Op vrijdag 15 maart 1996 om 10.00 uur moesten we in de vlieghal komen voor een belangrijke mededeling. De hal was leeg, onverlicht en er stond een vliegtuigwrak in de hoek. Een onprettige omgeving bedacht ik mij nog. Chef Engineering Ton Peschier kwam lijkbleek aangelopen en wilde wat zeggen maar niemand hoorde hem er waren te veel mensen. Klim op het bordes werd er geroepen. Ton de trap op maar koos de verkeerde trap en stond even later helemaal boven in de hal. Toen weer naar beneden en de andere trap genomen. Hij kon nauwelijks wat uit brengen. Wij moesten het pamflet wat hij meegenomen had maar doorlezen. We waren failliet en konden naar huis.

Het was een onwezenlijke toestand. Ik liep terug naar de afdeling met het naïeve idee om nog wat af te ronden. “af te ronden” ??  Het was klaar, ik kon niet eens meer in het systeem komen. Ik moest naar huis en plotseling afscheid nemen van mijn vele collega’s. Ik ben in de middag naar huis gereden en nog wat persoonlijke spullen meegenomen. O.a. mijn bijna versleten Fokker pantoffels waar ik altijd op liep.

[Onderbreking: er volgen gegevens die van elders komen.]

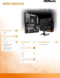 ASRock X870E Taichi Lite je zasnovana za maksimalno prepustnost in dolgoročno zanesljivost. Najnovejša vmesnika PCIe 5.0 za grafiko in Blazing M.2 odklopita potencial najhitrejših SSD, medtem ko USB4 tipa C (40 Gb/s) pospeši delo z zunanjimi diski, doke in zaslone. Wi‑Fi 7 (802.11be) in 5GbE LAN zagotavljata bliskovito hitro in stabilno omrežno povezavo z nizko zakasnitvijo.
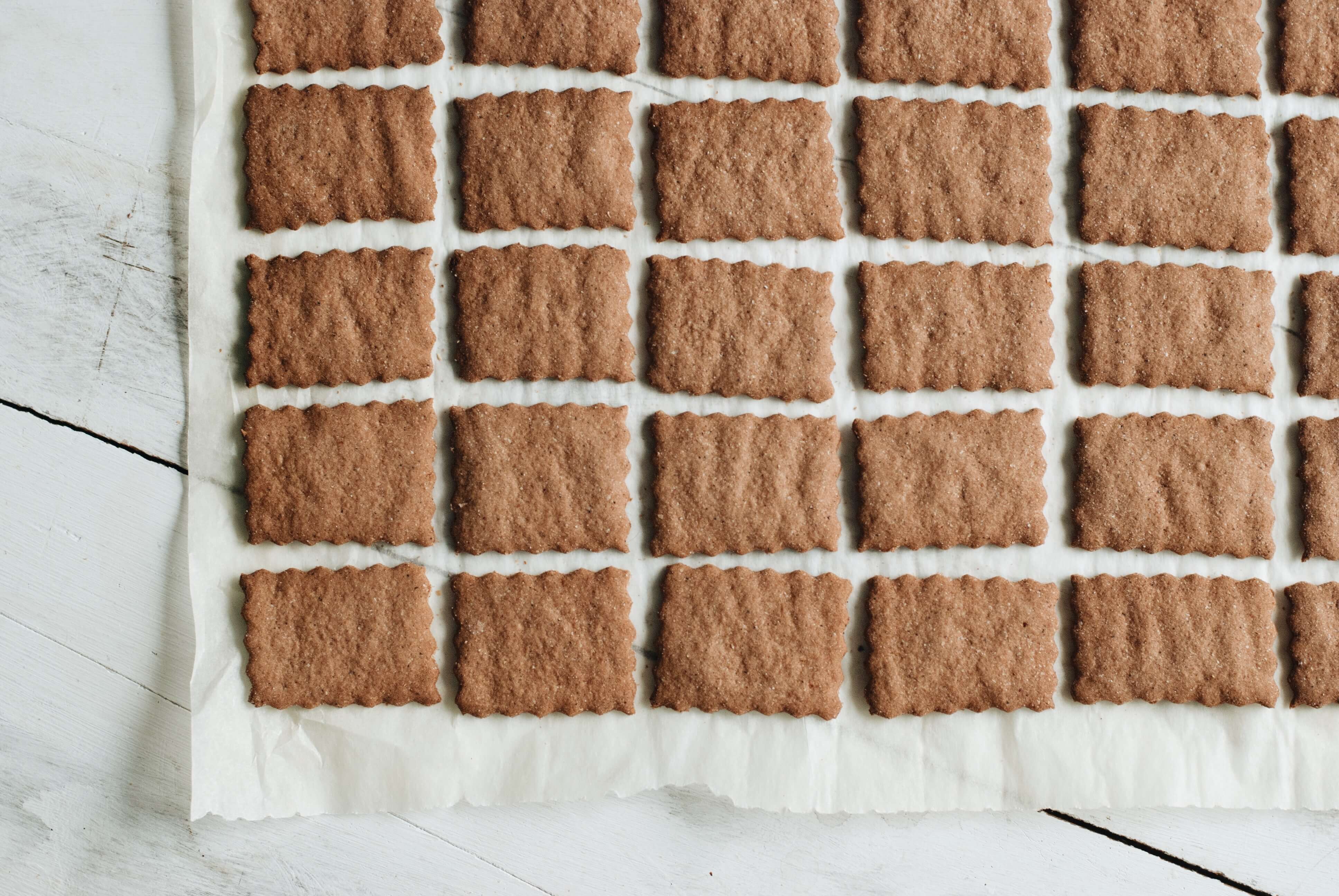 "Po schłodzeniu wałkujemy ciasto na podsypanym mąką gryczaną blacie, na grubość ok. 4 mm. Wycinamy herbatniki foremką do ciastek lub radełkiem. Przekładamy na papier do pieczenia i pieczemy 7 minut w 190°C, uważając, by ciasteczka nie przypaliły się.\nWięcej przepisów Karoliny znajdziecie na blogu Lisia Kawiarenka >>\n "
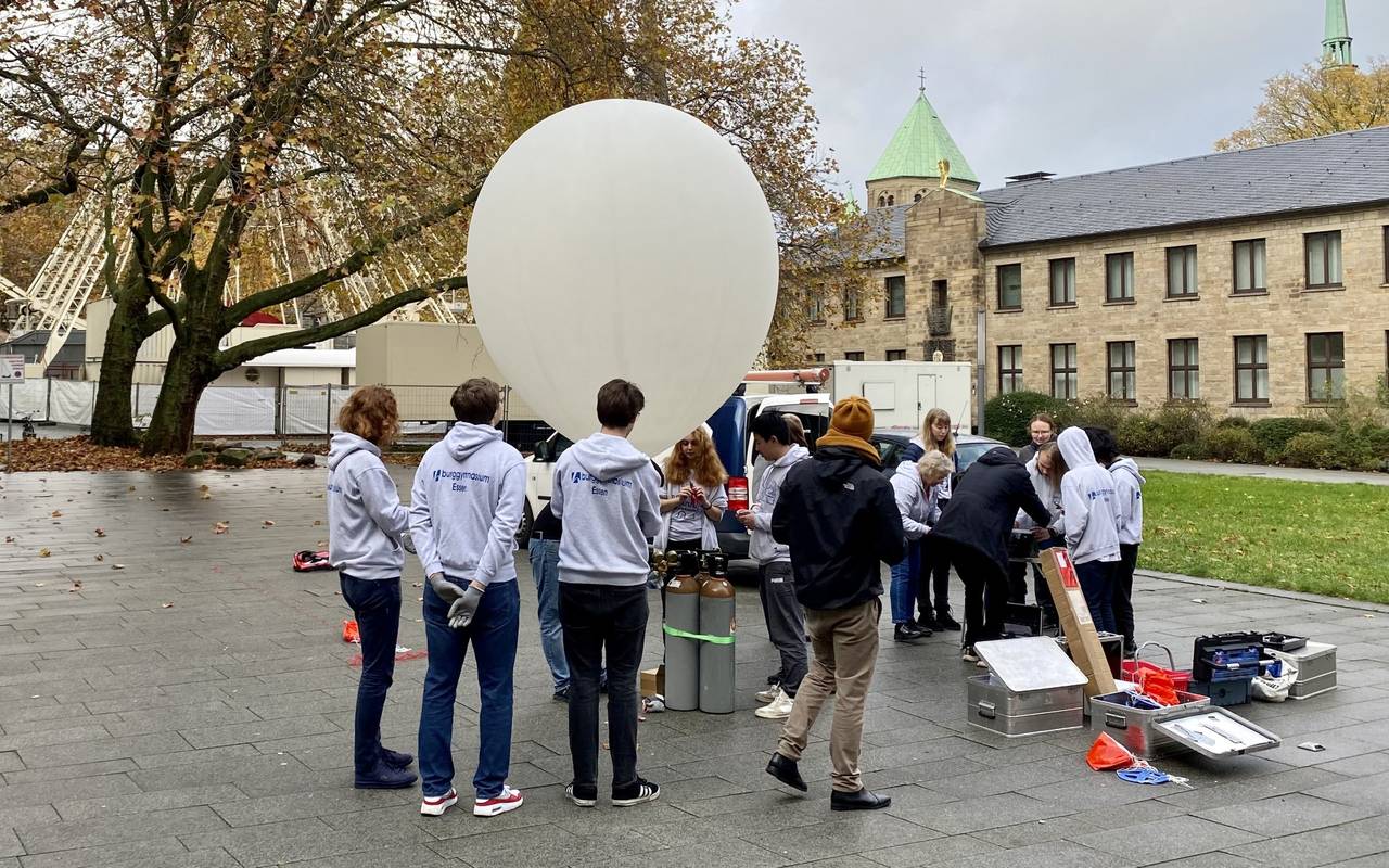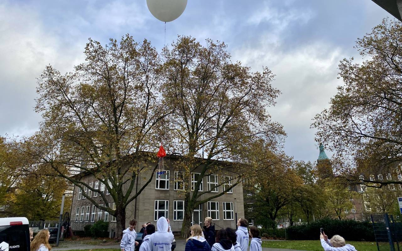 Das Burggymnasium in Essen hat am Mittwoch (15.11) einen heliumgefüllten Wetterballon in den Himmel geschickt. Dort soll der Ballon Messdaten und Videomaterial aufnehmen, damit Schülerinnen und Schüler diese im Unterricht auswerten können.

Als 55 jarige zat ik na ruim 40 dienstjaren thuis, werkloos. Er was niemand thuis. Mijn vrouw en zoon wisten nog van niets. Een vriend, die ziek thuis was en alles gevolgd had op de radio, belde en zei “ben je nu al thuis” .Ik wilde het hele verhaal vertellen van de laatste uren maar kon tot mijn grote verbazing geen woord uitbrengen. De emotie zat diep. Het enige wat ik uit kon brengen was dat ik wel even langs kwam.

Alle Fokker collega’s kregen van de EEG (Europese Unie) een sollicitatiecursus aangeboden. We zaten met ze’n allen in een leegstaande school. Oefenen met sollicitatie gesprekken en brieven schrijven.

Ik had geluk en kon na 2 maanden via een oud collega een baan aannemen als gereedschap constructeur. Ik moest wel 110 KM naar Zwolle rijden maar ja ik had geen keus. Al mijn sollicitaties liepen op niets uit.

Na 2,5 jaar kon ik weer naar Fokker (Toen Aerostructures) in Papendrecht als chief designer JSF Boeing. Boeing was toen in competitie met Lockeed die uiteindelijk deze competitie won. We demonstreerde bij Boeing ons kunnen met een koolstof vertical tail (gelijk aan de vertical tail van JSF Boeing) demonstratie project. Op deze manier hebben wij toen Fokker Aerostructures bij Boeing op de kaart gezet.

Vert.tail Boeing project

Na weer zo’n 2,5 jaar ben ik op me’n 61ste in 2001 met de VUT gegaan. Na 46 jaar werkzaam geweest te zijn vond ik het wel genoeg. Je moet natuurlijk wel wat tijd overhouden om van je pensioen te genieten. Momenteel ben ik daar druk mee bezig.